# Fall Steelhead Seminars!!!!!!!!



## steelheadBob (Jul 6, 2004)

This is a little early but Im holding 2 fall Steelhead Seminars Sept. 4th and the 11th. Both are from 5-8pm
Ill be talking about fall gear, baits and patterns for steel. And to sit around with other steelheaders to shoot the breeze with while we wait for the runs. LOL
Both are free. If you have any questions, feel free to contact me.

Sept. 4th 5-8pm
Twinsburg Gander Mountain

Sept. 11th 5-8pm
Sheffield Gander Mountain


----------



## KSUFLASH (Apr 14, 2004)

I am suprised nobody has chimed in on this one yet Rob. When the questions start rolling in, we can refer them to the seminar.


----------



## RedJada (Jun 21, 2009)

You can count on my wife and I being at the Sept. 4th seminar. We learned a lot form KSUFLASH last year at one of his Seminars. But, we are heading into our third season of steelhead fishing and have yet to get one on the hook. Were hopping this will be the year.

Thanks,
RedJada


----------



## dcfisherman (Jul 25, 2008)

I think I am going too.


----------



## yonderfishin (Apr 9, 2006)

If I was closer and had the chance I would definately be there. Sounds like fun and a good way to learn.


----------



## Chrominator (Oct 11, 2007)

Would like to attend, but, I am not worthy to be in the presence of such a legend...

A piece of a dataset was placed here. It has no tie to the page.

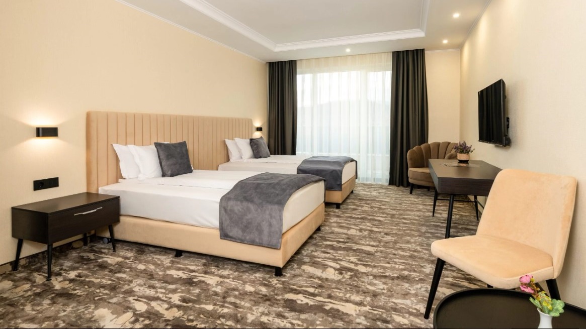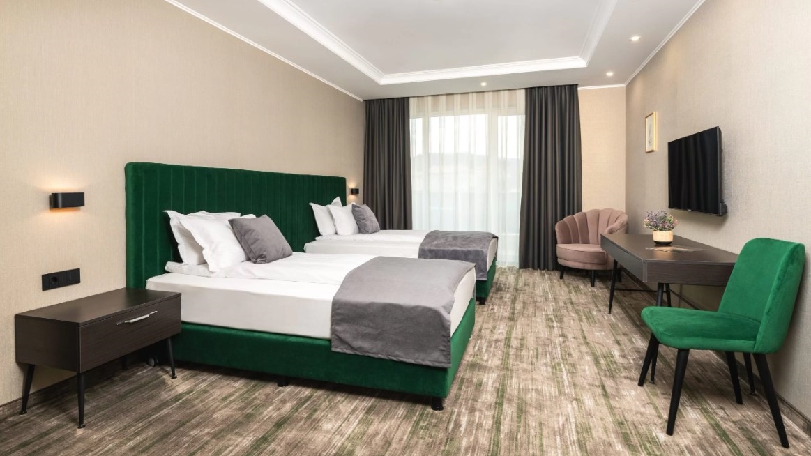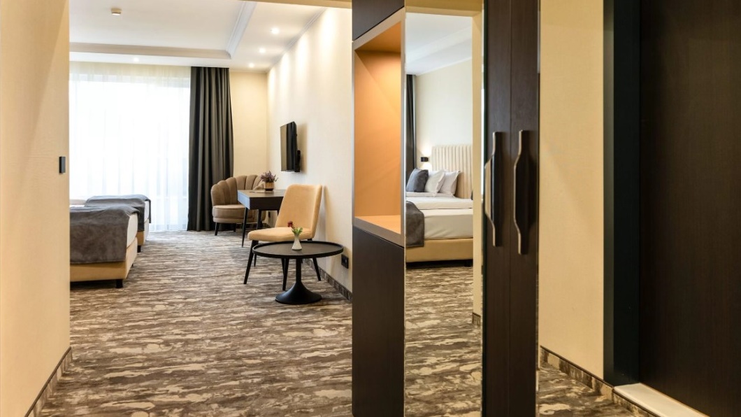 - обединени делукс стаи - 2 възрастни + 2 деца, 3 възрастни + 1 дете или 4 възрастни. Две свързани стаи с междинна врата между тях (спалня в едната, две единични легла в другата)

Looks like this year we won't need to flip a coin to decide between Bob's seminar and a Brown's game...


----------



## Rippin (Jan 21, 2007)

there's no such thing as flipping a coin for steelhead fishing...


----------



## steelheadBob (Jul 6, 2004)

Chrominator said:


> Would like to attend, but, I am not worthy to be in the presence of such a legend...
> 
> Looks like this year we won't need to flip a coin to decide between Bob's seminar and a Brown's game...

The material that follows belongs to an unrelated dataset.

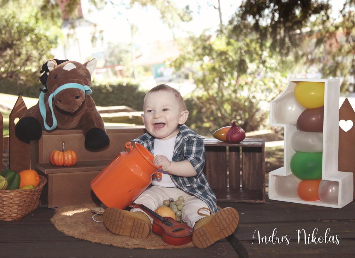 Esse é o Andres Nikolas, no seu ensaio de Um Aninho! uma fazendinha bem doce!!!

I didnt do it again did i ?????????? Browns game????? LOL
Now if it were Pitts game day........... Steelhead who??????


----------



## steelheadBob (Jul 6, 2004)

RedJada said:


> You can count on my wife and I being at the Sept. 4th seminar. We learned a lot form KSUFLASH last year at one of his Seminars. But, we are heading into our third season of steelhead fishing and have yet to get one on the hook. Were hopping this will be the year.
> 
> Thanks,
> RedJada


Cool, glad you guys can make it out... Bens is going to try and stop by.
Im trying to get ahold of brian from ODNR to come out and talk again, he couldnt make a seminar last year, hope this year.


----------



## trac1 (Aug 8, 2010)

I hope to make the one in Twinsburg.


----------



## Guest (Aug 14, 2010)

bob, i will shoot up to twinsburg, but is there any chance of doing a seminar in niles, ohio or is it too far?


----------



## steelheadBob (Jul 6, 2004)

I was going to do one in niles, but not until mid winter....


----------



## Coot (Jan 27, 2006)

I'll be there

I have been boatless all summer so I am looking forward to Fall steelhead.


----------



## steelheadBob (Jul 6, 2004)

Just an update, Ben (KSUFlash) is going to be out speaking for a bit about center pinning for steelhead at the twinsburg seminar.


----------



## thephildo0916 (Mar 4, 2009)

Nice. I will be at the sept 4th in twinsburg!


----------



## BuzzBob (Apr 10, 2004)

Sheffields 25 minutes from me. Not bad considering all the info your going to stick into my brain.


----------



## steelheadBob (Jul 6, 2004)

BuzzBob said:


> Sheffields 25 minutes from me. Not bad considering all the info your going to stick into my brain.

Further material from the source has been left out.